In an ironic twist, ORS in a report issued last Friday and prepared by a Columbia bankruptcy attorney contended that Cayce-based SCE&G or its parent-company, SCANA Corp., likely would not go into bankruptcy if customers didn’t have to continue paying for the failed project.
Asked why ORS hired the Elliott Davis firm to do the 2016 analysis, Nanette Edwards, the agency’s interim director, said in an email Tuesday to The Nerve: “We were receiving questions about (SCE&G’s) claim that BLRA saves ratepayers $1 billion and $4 (billion) over the life of the units. We needed to test that claim.”

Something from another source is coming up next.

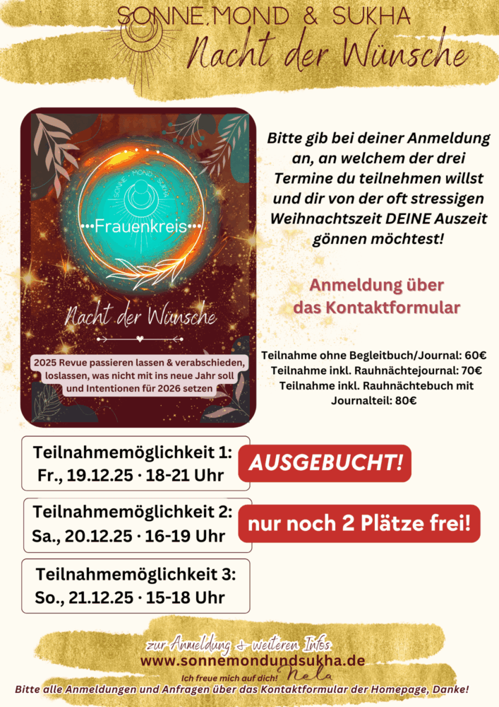 Komm gerne mit deinem Wunschtermin über das Kontaktformular auf mich zu. Du findest auf allen Unterseiten zu jedem Angebot alle Infos und Preise – und du kannst hier immer wieder auch ausgeschriebene öffentliche Angebote finden und dich hierfür einbuchen.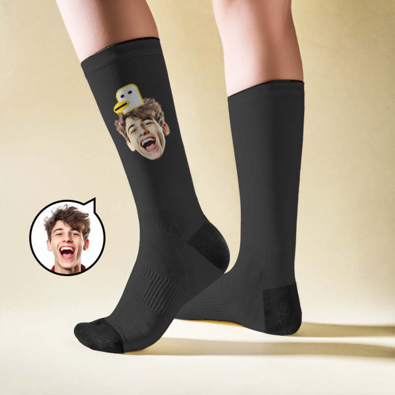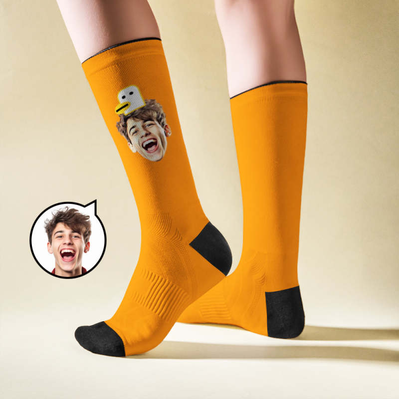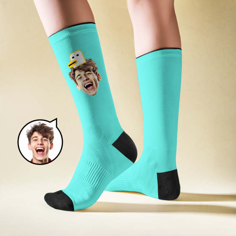 Custom Breathable Face Socks Duck Featuring Cartoon Imagery

The Elliott Davis report that was publicly released was just two pages long, yet when asked if ORS expected something more in-depth from the accounting firm, Edwards said only, “We asked for the answer to the question above.”
S.C. Comptroller General records show that ORS paid Elliott Davis a total of $37,500 in fiscal 2015-16, near the time when the report was released. Asked to verify that figure as the cost of the two-page study, Edwards in her email replied, “That amount sounds correct.”
The stated mission of the Office of Regulatory Staff is to “represent the public interest in utility regulation by balancing the concerns of the using and consuming public, the financial integrity of public utilities, and the economic development of South Carolina.”
A House bill (H. 4379) that received a key approval vote Tuesday would largely leave ORS’ conflicted roles untouched, though it would create a “utilities consumer advocate” position in the S.C. Attorney General’s Office, and give ORS subpoena power, according to a recent analysis by the South Carolina Policy Council, the parent organization of The Nerve.
State and federal criminal investigations were launched after a secret report, known as the Bechtel report, which was prepared for SCE&G and Santee Cooper and detailed major problems with Westinghouse’s handling of the V.C. Summer project, was publicly released in early September.
Under the existing Base Load Review Act, ORS has the “right to inspect the books and records regarding the (V.C. Summer) plant and the physical progress of construction upon reasonable notice to the utility.” Contacted Tuesday, ORS spokesman Ron Aiken couldn’t immediately say if the agency specifically sought Westinghouse records in its ongoing review of the project.